Section 98S of the Act sets out the types of determinations that can be made.
The issues which arise in this case are:
· Does a ground exist for departure from the administrative assessment of child support? And if so,
· Would it be just and equitable and otherwise proper to make a particular determination?
CONSIDERATION
Issue 1: Is there a ground for departure?
Subsection 117(2) of the Act identifies a number of grounds for departure from a child support assessment, all of which are prefaced by the phrase “in the special circumstances of the case”. This means that the facts of the case must establish something which is special or out of the ordinary, and an administrative assessment will not be interfered with in the ordinary run of cases.[2]
[2] Gyselman & Gyselman [1991] FamCA 93.
The grounds for departure from the child support assessment under consideration in this matter are the grounds contained in:
· Subparagraph 117(2)(c)(ia) of the Act, which refers to the income, property and financial resources of either parent (in this case, both Mr and Ms Norrington) (referred to as Reason 8A).
· Subparagraph 117(2)(b)(i)) of the Act, which refers to the high costs of spending time with or communicating with the child (referred as Reason 1).
· Subparagraph 117(2)(b)(ia) of the Act, which refers to the costs of maintaining a child being significantly affected because of the special needs of the child (referred to as Reason 2).
As Reason 8A in respect of Ms Norrington’s income, property and financial resources appears to be the ground of most significance in Mr Norrington’s application, the Tribunal will consider this ground first.
Reason 8A: income, property or financial resources – Ms Norrington
Mr Norrington says that the child support assessment does not reflect Ms Norrington’s income, property and financial resources.
As a preliminary comment, the Tribunal’s task is to consider Ms Norrington’s income, property and financial resources in the special circumstances of this case, and to reach conclusions on those issues on the balance of probabilities.
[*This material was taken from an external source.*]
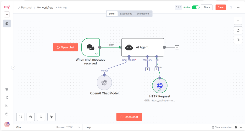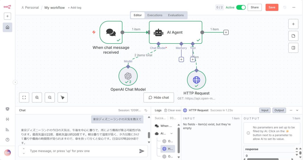 WebAPIのためAIエージェントにはHTTP Requestを接続し、天気情報URLをセットします。
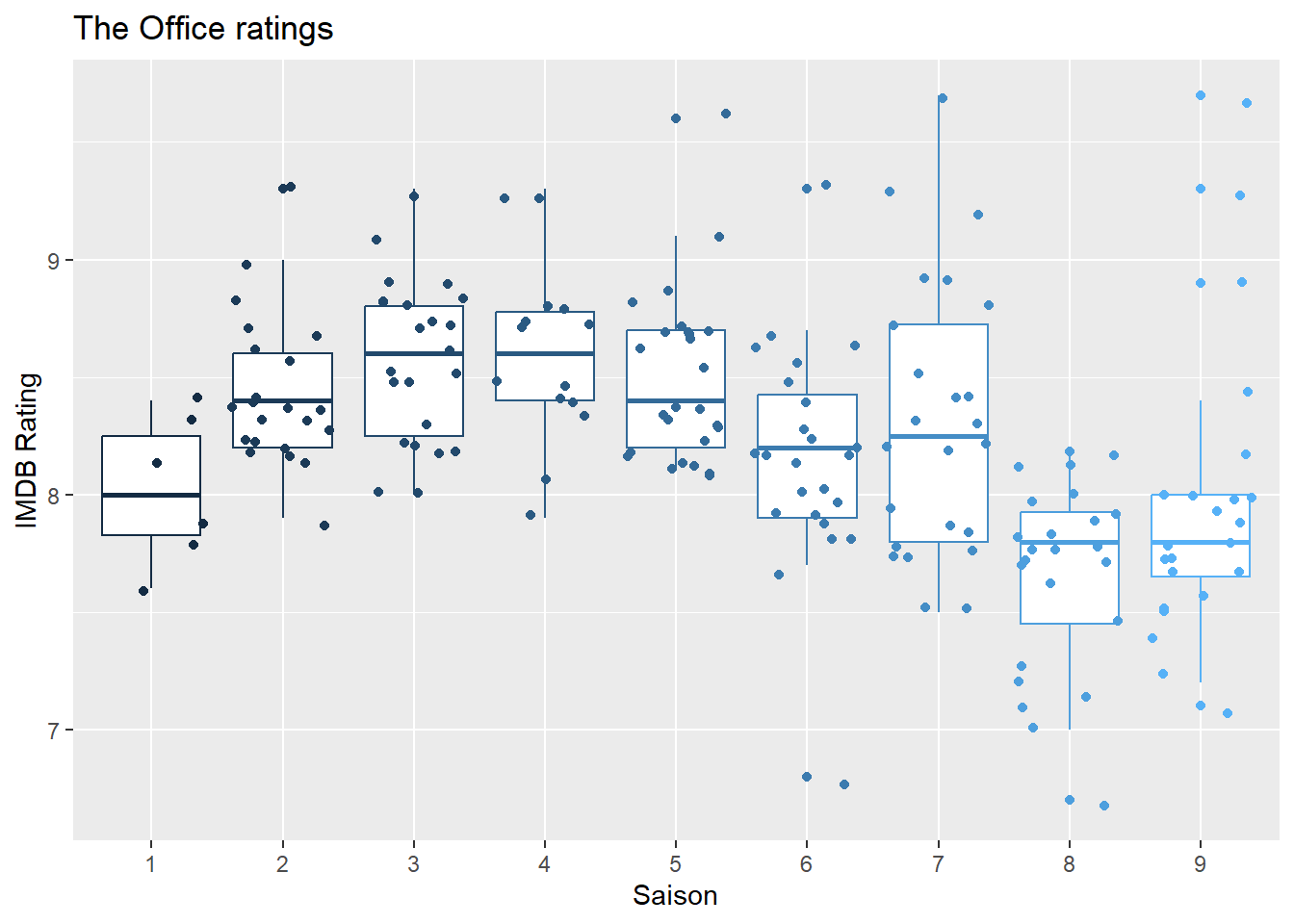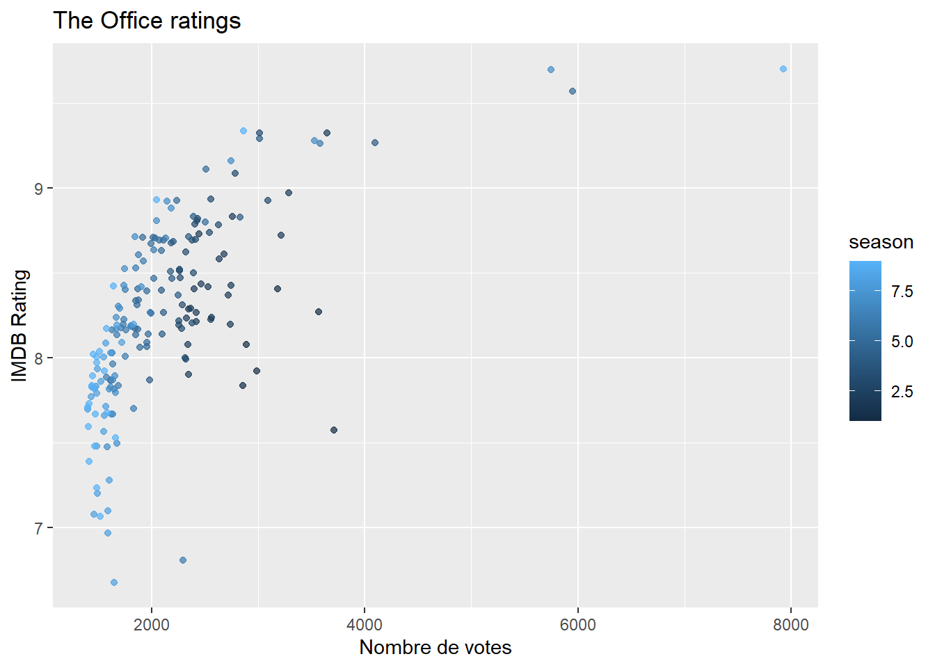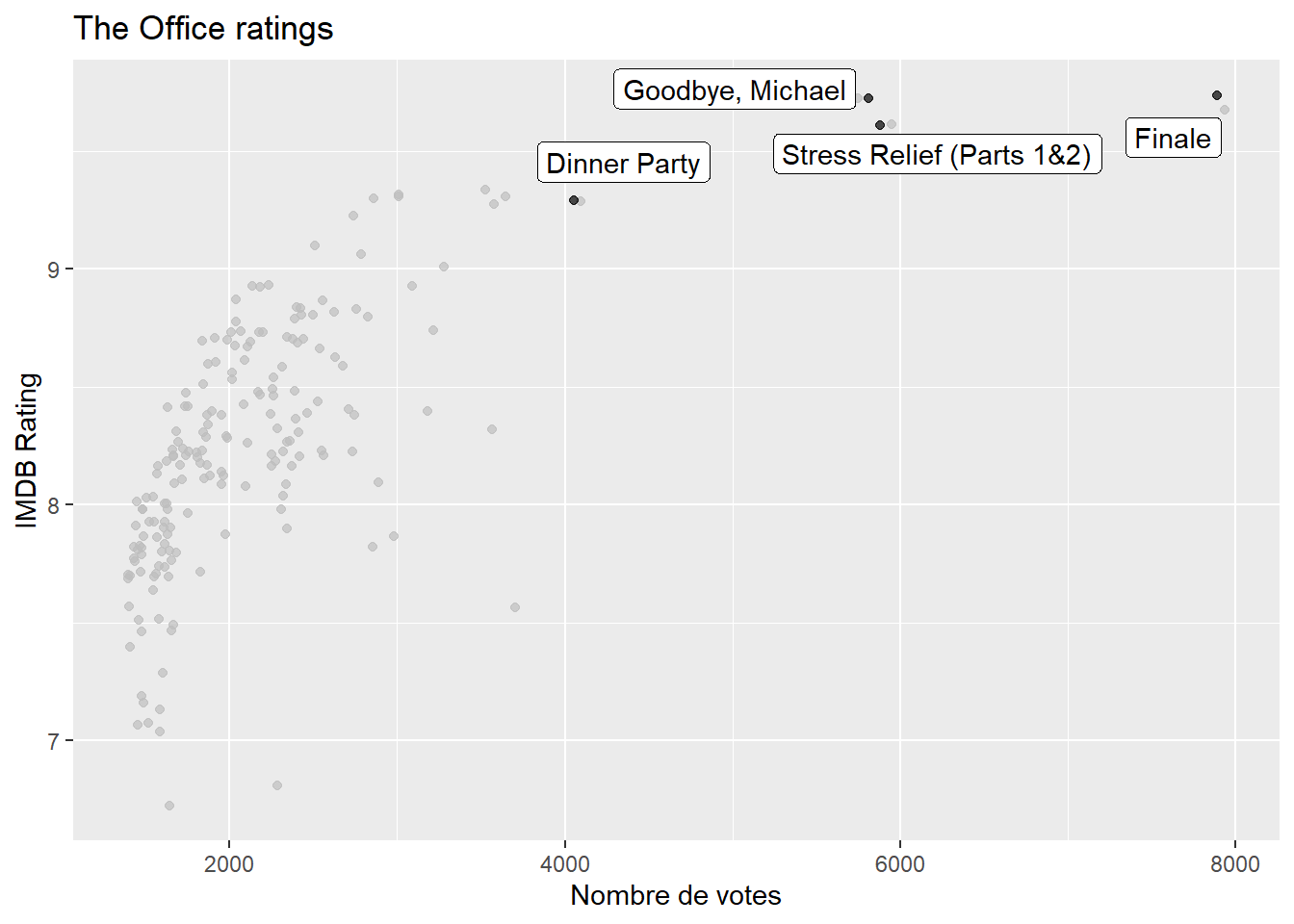 install.packages("schrute")Il est ensuite possible de charger le jeu de données avec la commande :

It is not to undertake the work of a forensic accountant or to audit her financial position.[3]
[3] See for example, Shearer & Benson & Anor (SSAT Appeal) [2011] FMCAfam 623, Morse & Potts (SSAT Appeal) [2010] FMCAfam 1305.
Ordinarily a child support assessment uses each parent’s taxable income. Ms Norrington’s taxable income for the 2021–22 financial year was $49,874 and for the 2022–23 financial year it was $54,713 (folio 515). As at the date of the hearing, Ms Norrington had yet to lodge her tax return for the 2023–24 financial year. In her Statement of Financial Circumstances dated 21 October 2024 (folio B276), Ms Norrington gave her income as $52,000 per annum, gross.
[Business 1]
Ms Norrington owns and operates a business called [Business 1], which manages the rental of [specified products].
Mr Norrington says that Ms Norrington is the sole director and shareholder, and that the business takes [nature of income deleted]. Mr Norrington said that the company was established when they were still together and that he helped establish it. He had no role in the company's finances and there was no bookkeeper, with Ms Norrington using an external accountant, [Accountants 1]. He took care of all of the [specified aspects of the maintenance]. He said that everything was a “tax write off”, with all costs including personal living costs subtracted from the company's income. He said that Ms Norrington would put food, electricity and household items into the company to reduce their tax to a minimum amount. He said that he knew this because he used to prepare receipts.
Ms Norrington told the Tribunal that she was managing [number of products] at the start of 2023, and now manages [fewer] including one that she owns. She said it is a three hour return journey from where she lives to [the main location], and with the number of [products] she is now managing, there is too much travelling to go every day. The [products] are advertised for rent on third party platforms such as [named platforms], and [Business 1] receives 50% net after booking fees. She confirmed that she is the sole director and shareholder, and is the sole employee except for very busy times when she brings in other people to assist. The accountants are [Accountants 1] who are linked into the business accounts and prepare her business activity statements. Ms Norrington appeared to accept that everything taxable that she could claim as a company expense she did so but denied that she attributed personal expenses to the company. [Accountants 1] go through the expenses and determine what is claimable. She pays herself a set salary, saying that she did not pay herself a salary for around five months in the 2022–23 financial year.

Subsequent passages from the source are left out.